El director artístico con el que se estrenó el canal fue Enrique Telémaco Susini, que tenía formación teatral, la responsabilidad técnica recayó en el ingeniero Max Köelble, y el primer camión de exteriores fue bautizado con el nombre de “la voz de la esperanza”, vehículo con el cual se llevó a cabo la transmisión inaugural desde Plaza de Mayo. Para tal fin se ubicaron tres cámaras en el 2º piso del Banco de la Nación Argentina: una tomaba un primer plano del balcón de la Casa de Gobierno, la segunda hacía un plano de la Pirámide de Mayo y alrededores y la tercera una vista amplia de la plaza y sus accesos. Lleno de orgullo y ansiedad, don Jaime Yankelevich acompañado por César Guerrico, Köelble y Gerardo Noizeaux, controlaban los movimientos del equipo conformado por Oscar Orzábal Quintana en el switcher y los comentarios de Isabel Marconi y Adolfo “Fito” Salinas.

Luego, a menos de una semana del debut en el aire, Juan Carlos Thorry, Diana Maggi, Analía Gadé y un cuerpo de baile ofrecieron una versión del “Petit Café”, la exitosa comedia musical que se ofrecía en el cine-teatro Grand Splendid de Callao y Santa Fe.
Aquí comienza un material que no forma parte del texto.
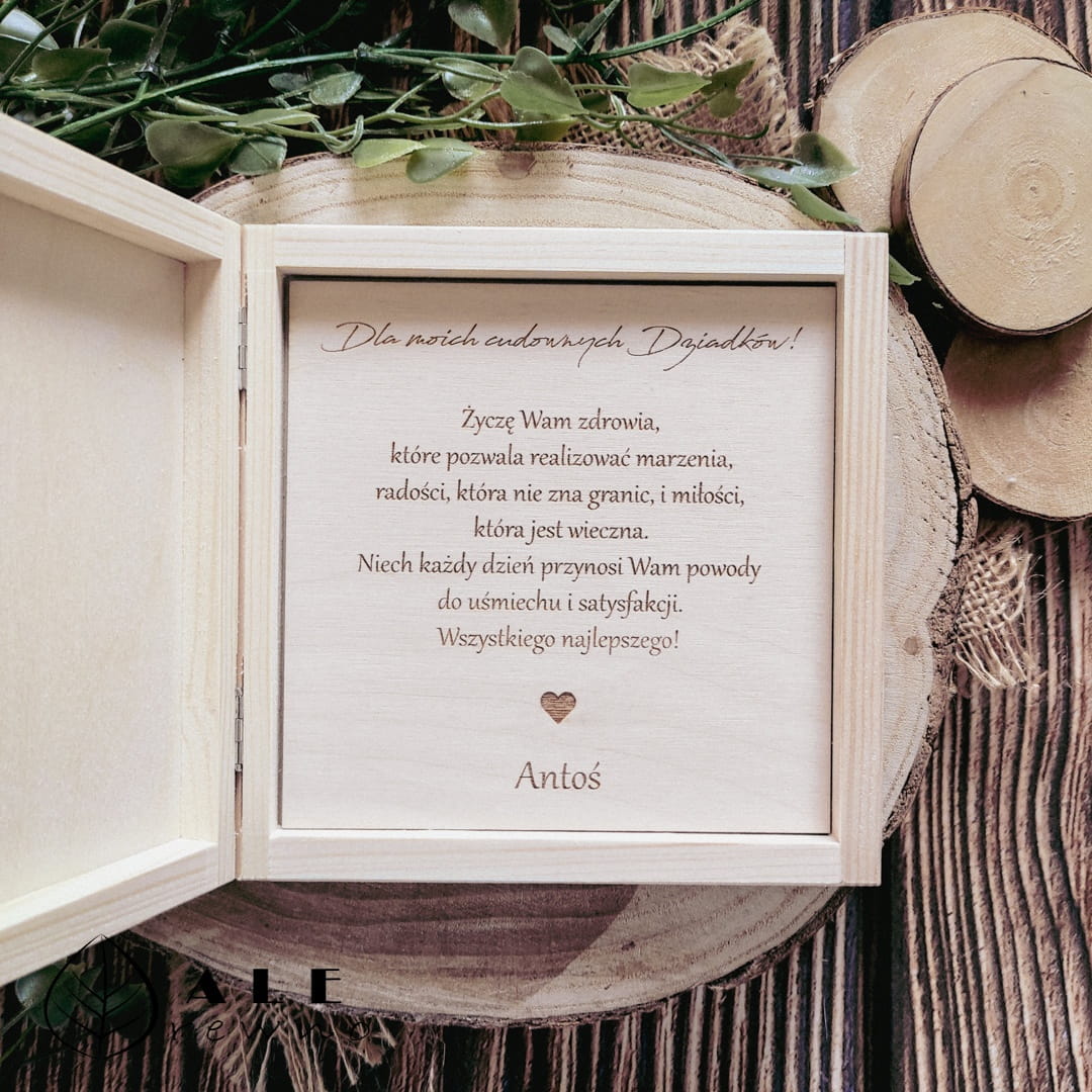 Szukasz wyjątkowego upominku dla swoich Dziadków? Nasze drewniane pudełko o wymiarach 14,5x14,5 cm, wykonane z naturalnego drewna sosnowego, to doskonały wybór! Piękna wstążka dopełnia całość, nadając całości elegancki charakter. To praktyczny i trwały prezent, który z pewnością zachwyci swoich właścicieli. W środku znajdziesz życzenia, które sprawiają, że jest to jeszcze bardziej osobisty podarunek.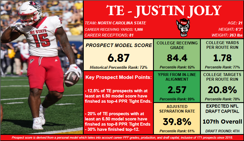 - Joly leads off the potential Day 3 tight ends in this class, though he does so without overly encouraging sleeper value based on his model score.

A los 15 días, el domingo 4 de noviembre y desde el hoy demolido Gasómetro, se transmitió el primer partido de fútbol. Fue el clásico que protagonizaron San Lorenzo de Almagro y River Plate que concluyó 1 a 1. En otra oportunidad Sofía Bozán cantó un expresivo repertorio. Pero para disponer de una programación estable “o algo que se le pareciera”, todos debían afianzarse en sus puestos y eso se logró en noviembre con horarios entrecortados, de 16 a 19 y de 21 a 23 hs, ofreciendo películas, espectáculos de danza, dibujos animados, boxeo, automovilismo y catch.

Tras el sangriento derrocamiento de Perón por la dictadura cívico-militar autodenominada Revolución Libertadora, en 1955 la emisora pasó definitivamente a manos del Estado Nacional y posteriormente fueron surgiendo otros canales. Claro que esa ya es otra historia.